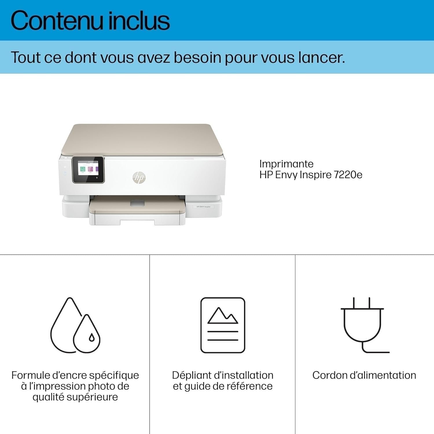 La HP ENVY Inspire 7220e est une imprimante tout-en-un (impression, scan, copie) conçue pour la famille et le télétravail. Elle se distingue par sa polyvalence exceptionnelle : elle imprime aussi bien des documents administratifs nets que des photos éclatantes grâce à son bac papier photo dédié.
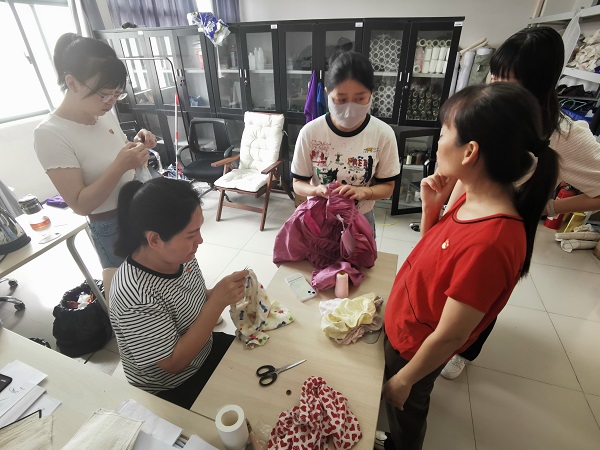 活动期间,支部党员一早就全部到位,有序分工协作,对群众拿过来的服装,首先从面料、结构、工艺等方面展开细致研究,然后分拆线头、缝衣服、烫面料、打孔位、后整理等多个工序认真整改,四个小时共完成20余件服装和包袋的整改工作,获得群众一致好评。
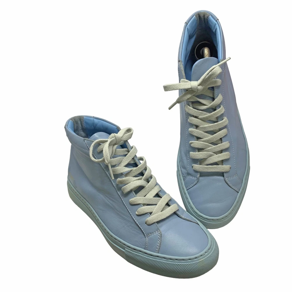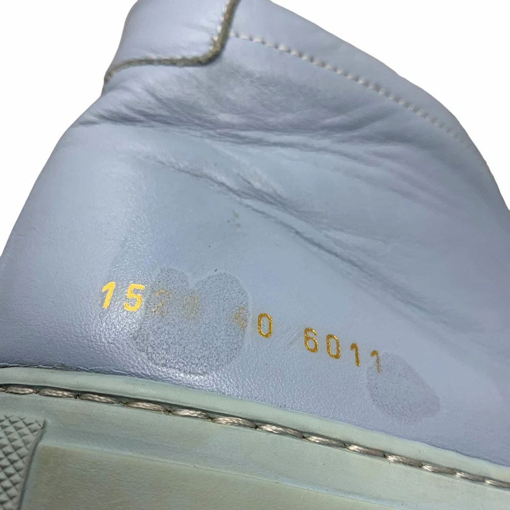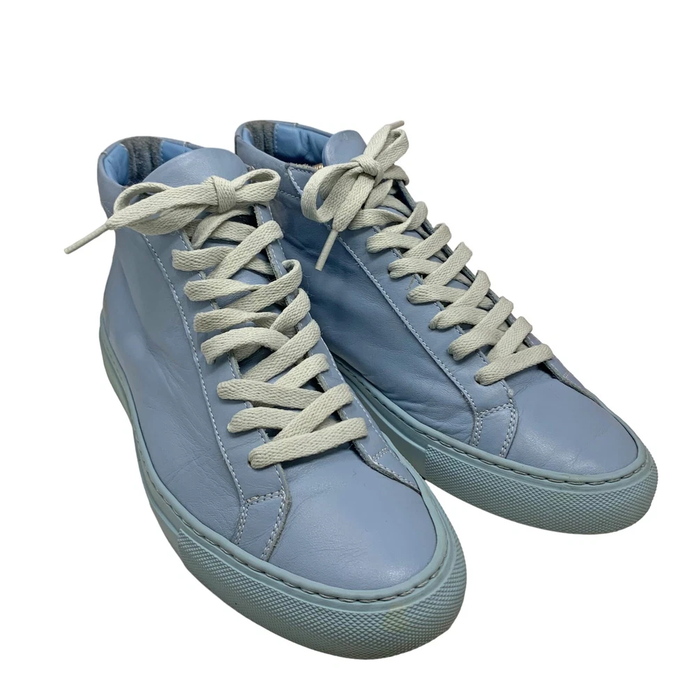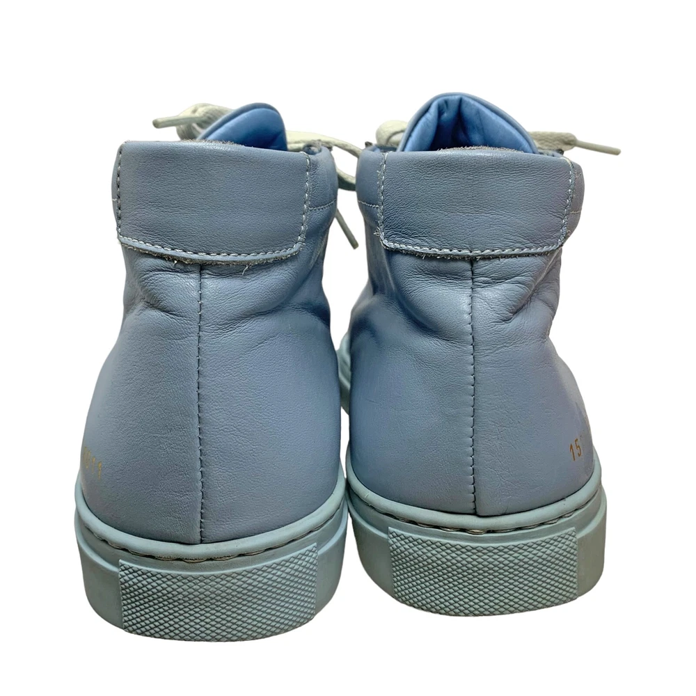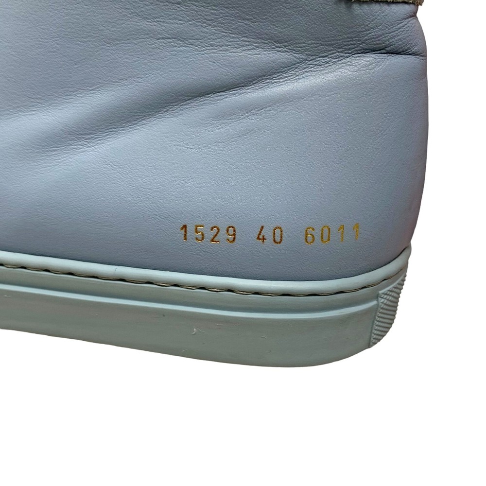 Common Projects Mid Top Sneakers Style/Model No.: Achilles / 1529 Blue Nappa Leather Upper Round Toe Lace Up Closure Feature(s): Golden Foiled Numbers at Heel counter Reinforced rubber outsole. Made in Italy Men's Size: 40 IT / 7 US Note/Condition: Signs of Insole and Outsole wear; Smudge on foil at right heel counter - please view pics. Thanks for Stopping By!
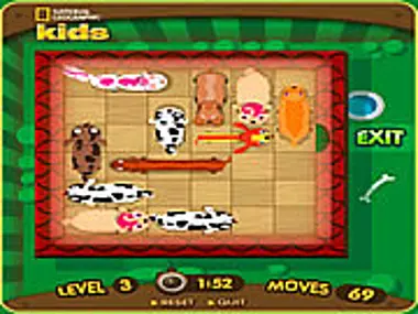 A fun puzzle where you have to move the dogs in order to get the protagonist out of the room through the door.
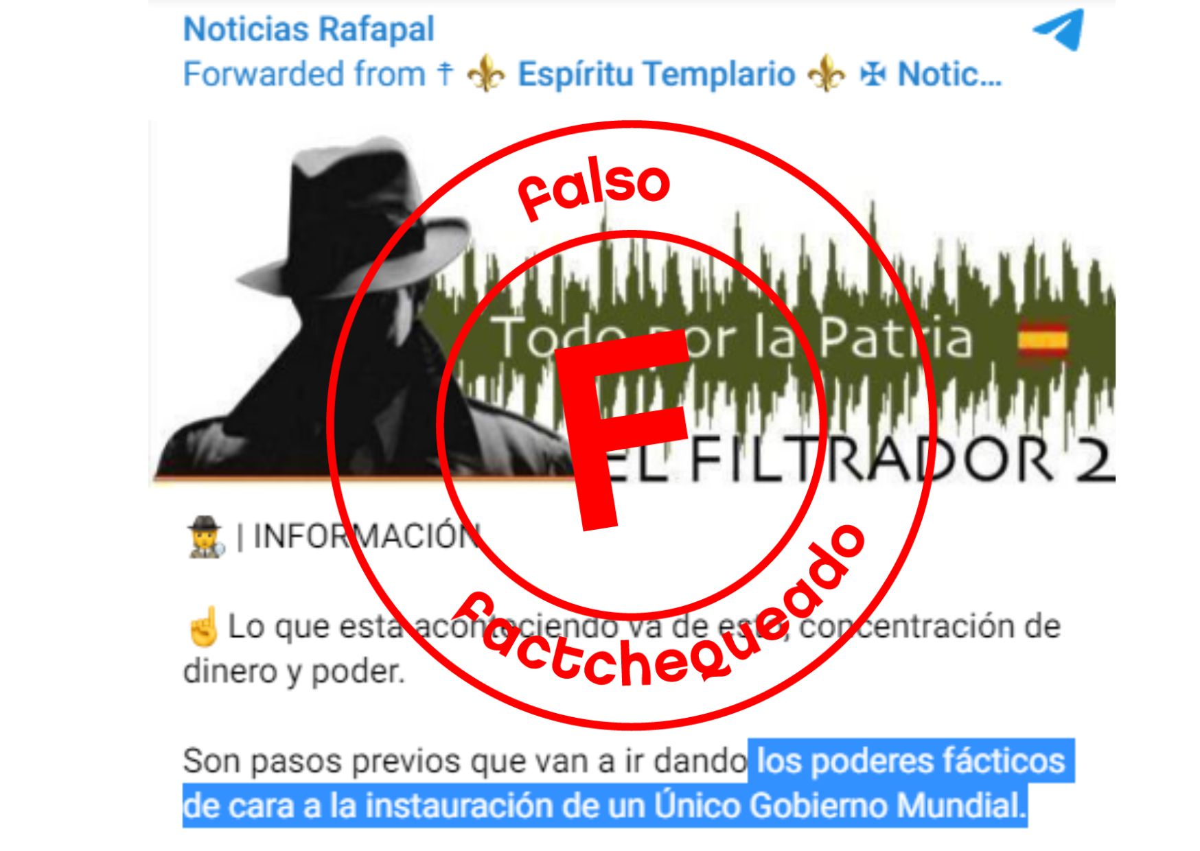 Una de las narrativas desinformantes que más circulan por Telegram habla sobre las supuestas pretensiones de la ONU de establecer un “Gobierno mundial”, como se muestra en esta nota. Los posteos (ver acá y acá) sostienen que “los poderes fácticos buscan la instauración de un Único Gobierno Mundial” que tiene como objetivo “controlar todos los recursos de la Tierra”.
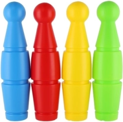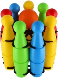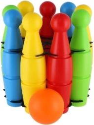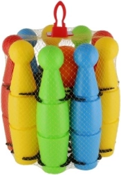 Een leuke set voor kleine bowlers met 9 gekleurde kunststof kegels en een kunststof bal. Licht en veilig speelgoed voor binnen en in de tuin dat helpt bij het ontwikkelen van fijne motoriek, concentratie, nauwkeurigheid en fair play. De kegels zijn 24 cm hoog en de hele set is praktisch verpakt in een net.

# # # # # # #

Retype all the data exactly, please, without pictures.

 La HP ENVY Inspire 7220e est une imprimante tout-en-un (impression, scan, copie) conçue pour la famille et le télétravail. Elle se distingue par sa polyvalence exceptionnelle : elle imprime aussi bien des documents administratifs nets que des photos éclatantes grâce à son bac papier photo dédié.
 活动期间,支部党员一早就全部到位,有序分工协作,对群众拿过来的服装,首先从面料、结构、工艺等方面展开细致研究,然后分拆线头、缝衣服、烫面料、打孔位、后整理等多个工序认真整改,四个小时共完成20余件服装和包袋的整改工作,获得群众一致好评。
 Common Projects Mid Top Sneakers Style/Model No.: Achilles / 1529 Blue Nappa Leather Upper Round Toe Lace Up Closure Feature(s): Golden Foiled Numbers at Heel counter Reinforced rubber outsole. Made in Italy Men's Size: 40 IT / 7 US Note/Condition: Signs of Insole and Outsole wear; Smudge on foil at right heel counter - please view pics. Thanks for Stopping By!
 A fun puzzle where you have to move the dogs in order to get the protagonist out of the room through the door.
 Una de las narrativas desinformantes que más circulan por Telegram habla sobre las supuestas pretensiones de la ONU de establecer un “Gobierno mundial”, como se muestra en esta nota. Los posteos (ver acá y acá) sostienen que “los poderes fácticos buscan la instauración de un Único Gobierno Mundial” que tiene como objetivo “controlar todos los recursos de la Tierra”.
 Een leuke set voor kleine bowlers met 9 gekleurde kunststof kegels en een kunststof bal. Licht en veilig speelgoed voor binnen en in de tuin dat helpt bij het ontwikkelen van fijne motoriek, concentratie, nauwkeurigheid en fair play. De kegels zijn 24 cm hoog en de hele set is praktisch verpakt in een net.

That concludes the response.